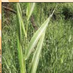
Ornamental Ribbongrass ( Phalaris arundinacea 'Picta' ) Replace with Feather Reed Grass
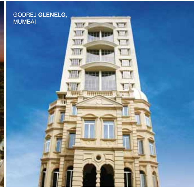
GODREJ GLENELG, MUMBAI
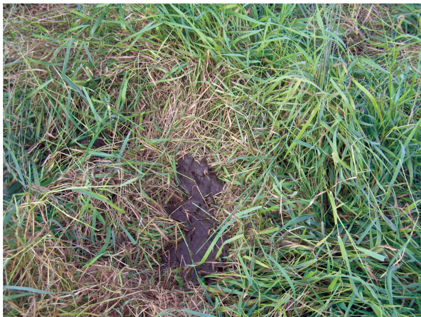
Third stage larvae (L3) may be found up to 12 inches away from a fecal pat and as high as 4 inches up on grass stems.

Incorporating mob grazing events that leave substantial residual plant biomass and extend rest intervals (60 days or more) may also help manage the number of L3 consumed. Inclusion of alternative types of pasture forage sources, such as cover crops, small grains, and hay aftermath as part of the farm grazing system strategy can also assist by decreasing exposure to helminths from permanent pasture areas.
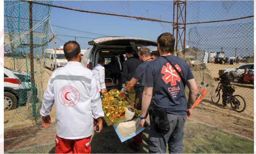
Joint work at the TSP with the Palestinian Red Crescent Society. March 2024.

The mission is initially planned to continue until end of May. We are considering an extension.
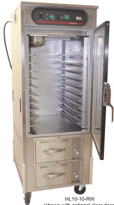
HL10-10-RW (shown with optional clear door)

TEMPERATURE & HUMIDITY CONTROL... Individual dial controls on each drawer for temperature and adjustable front vents to control humidity, allowing food to be hot and crispy in one drawer, warm and moist in another. Temperature range of 90°F to 210°F (32°C-99°C).
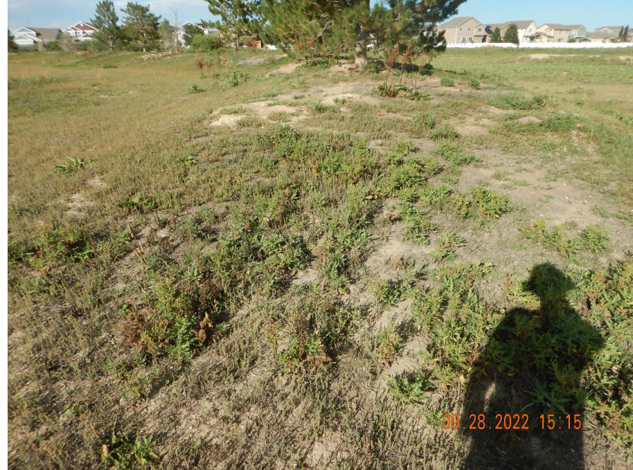
Photo 7. Photo taken from the southeastern berm, facing North. Photo illustrates Canada thistle growth throughout the berm which was observed throughout other portions of the berm to the north and west.
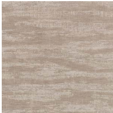
Click for CD2-GHO-12
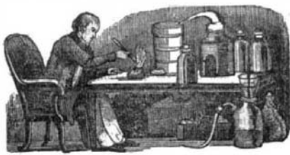
For the Scientific American.

This metal in its metallic form is not possessed of noxious properties, but its compounds are nearly as dangerous as arsenic. Corrosive sublimate is the most dangerous salt of mercury—it is something like arsenious acid in its effects—three grains of it having been known to destroy the life of an adult. Corrosive sublimate is generally found in the form of a heavy white powder, or in heavy crystalline cakes. Its taste is metallic and acrid, and can easily be detected in the mouth—being very different from arsenic in this respect. It is very soluble in water—and it faintly redens litmus paper.
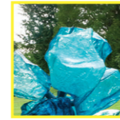
2 Dale Chihuly Blue Crystal Tower, 2024
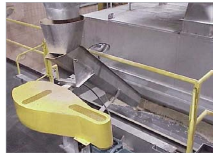
AeroFeed OS+ oscillating spout feeder with online adjustment ensures even product loading.

Consistent Product Feeding. The AeroFeed OS+ oscillating spout feeder ensures consistent drying by spreading product evenly across the conveyor bed. Adjustments can be made while in operation without interrupting production.
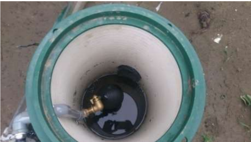
Installation of irrigation well
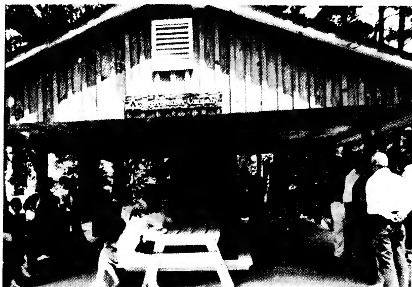
Dedication of the Weyerhaeuser Shelter in the Vanceboro Park.
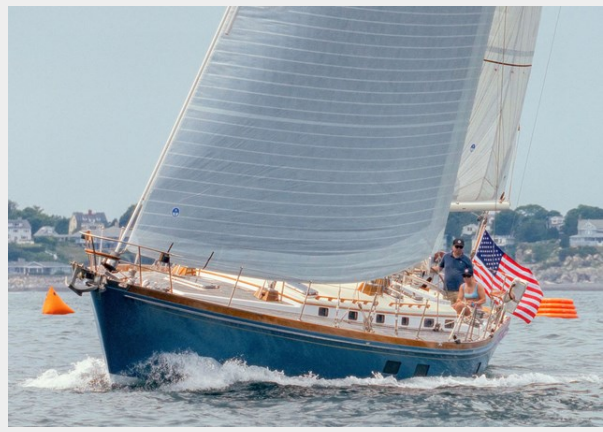
Sailing Stbd Tack
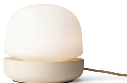
White/Light Brown Clay 1850039
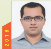
Badole Girish, IAS
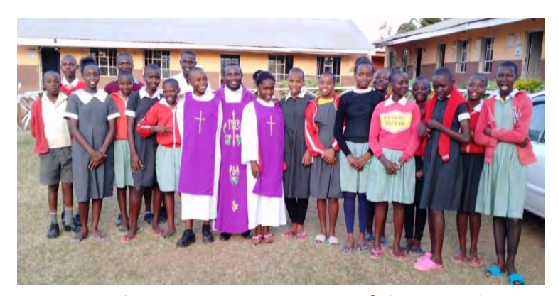
Spiritual accompaniment is a part of the curriculum
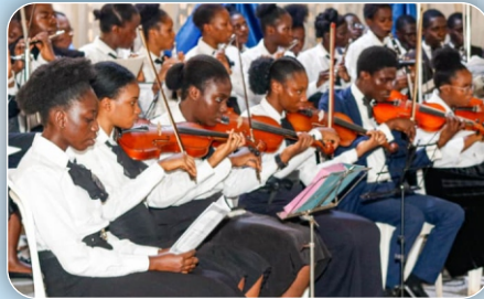
AFCF UI 2025 NRP
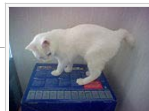
A stumpy white female
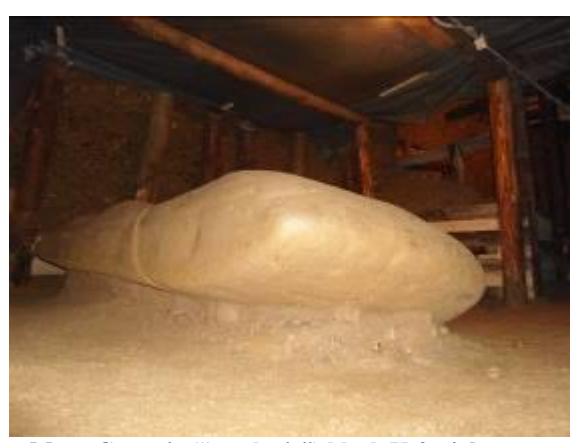
Mega-Ceramic ("synthetic") block K-2, eight tons
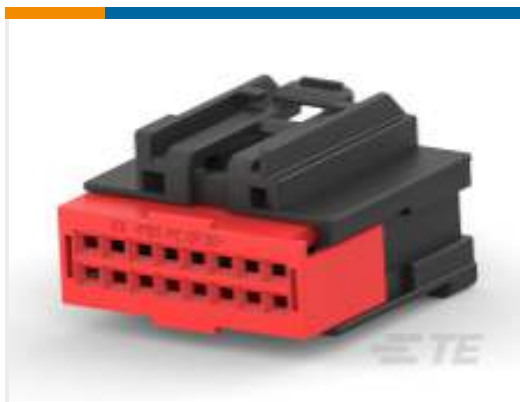
TE Part #1456989-1 2x8 Fem unsealed LP assy Key A
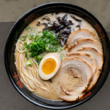
Chashu Ramen 14.25
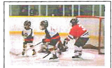
Building for generations to come

Provost & Dist Ag Society, Bodo Oilers, Provost & Dist FCSS, Provost Minor Ball, Provost Ec. Development Committee, Provost & Dist Adult Learning & Literacy, MTM Hockey Club, Provost Mun. Library, Provost Recreation Board, Provost & Dist Health Services Foundation, Provost Oldtimer Hockey, Provost & Area KidSport Society, Provost Ladies Basketball, Provost Girl Guides-Brownies, Provost Walking Path Committee, Provost Mixed Slo-Pitch, Provost Jets Hockey, Provost & Dist Fish and Game, M & J Devils Hockey, Cadogan Nitehawks Baseball, Provost & Dist Golf Club, Provost & Dist Chamber of Commerce.

* Action item
Reproduce the whole listing verbatim and keep all pictures out of it.

* Result of the exercise
Ornamental Ribbongrass ( Phalaris arundinacea 'Picta' ) Replace with Feather Reed Grass
GODREJ GLENELG, MUMBAI
Third stage larvae (L3) may be found up to 12 inches away from a fecal pat and as high as 4 inches up on grass stems.

Incorporating mob grazing events that leave substantial residual plant biomass and extend rest intervals (60 days or more) may also help manage the number of L3 consumed. Inclusion of alternative types of pasture forage sources, such as cover crops, small grains, and hay aftermath as part of the farm grazing system strategy can also assist by decreasing exposure to helminths from permanent pasture areas.
Joint work at the TSP with the Palestinian Red Crescent Society. March 2024.

The mission is initially planned to continue until end of May. We are considering an extension.
HL10-10-RW (shown with optional clear door)

TEMPERATURE & HUMIDITY CONTROL... Individual dial controls on each drawer for temperature and adjustable front vents to control humidity, allowing food to be hot and crispy in one drawer, warm and moist in another. Temperature range of 90°F to 210°F (32°C-99°C).
Photo 7. Photo taken from the southeastern berm, facing North. Photo illustrates Canada thistle growth throughout the berm which was observed throughout other portions of the berm to the north and west.
Click for CD2-GHO-12
For the Scientific American.

This metal in its metallic form is not possessed of noxious properties, but its compounds are nearly as dangerous as arsenic. Corrosive sublimate is the most dangerous salt of mercury—it is something like arsenious acid in its effects—three grains of it having been known to destroy the life of an adult. Corrosive sublimate is generally found in the form of a heavy white powder, or in heavy crystalline cakes. Its taste is metallic and acrid, and can easily be detected in the mouth—being very different from arsenic in this respect. It is very soluble in water—and it faintly redens litmus paper.
2 Dale Chihuly Blue Crystal Tower, 2024
AeroFeed OS+ oscillating spout feeder with online adjustment ensures even product loading.

Consistent Product Feeding. The AeroFeed OS+ oscillating spout feeder ensures consistent drying by spreading product evenly across the conveyor bed. Adjustments can be made while in operation without interrupting production.
Installation of irrigation well
Dedication of the Weyerhaeuser Shelter in the Vanceboro Park.
Sailing Stbd Tack
White/Light Brown Clay 1850039
Badole Girish, IAS
Spiritual accompaniment is a part of the curriculum
AFCF UI 2025 NRP
A stumpy white female
Mega-Ceramic ("synthetic") block K-2, eight tons
TE Part #1456989-1 2x8 Fem unsealed LP assy Key A
Chashu Ramen 14.25
Building for generations to come

Provost & Dist Ag Society, Bodo Oilers, Provost & Dist FCSS, Provost Minor Ball, Provost Ec. Development Committee, Provost & Dist Adult Learning & Literacy, MTM Hockey Club, Provost Mun. Library, Provost Recreation Board, Provost & Dist Health Services Foundation, Provost Oldtimer Hockey, Provost & Area KidSport Society, Provost Ladies Basketball, Provost Girl Guides-Brownies, Provost Walking Path Committee, Provost Mixed Slo-Pitch, Provost Jets Hockey, Provost & Dist Fish and Game, M & J Devils Hockey, Cadogan Nitehawks Baseball, Provost & Dist Golf Club, Provost & Dist Chamber of Commerce.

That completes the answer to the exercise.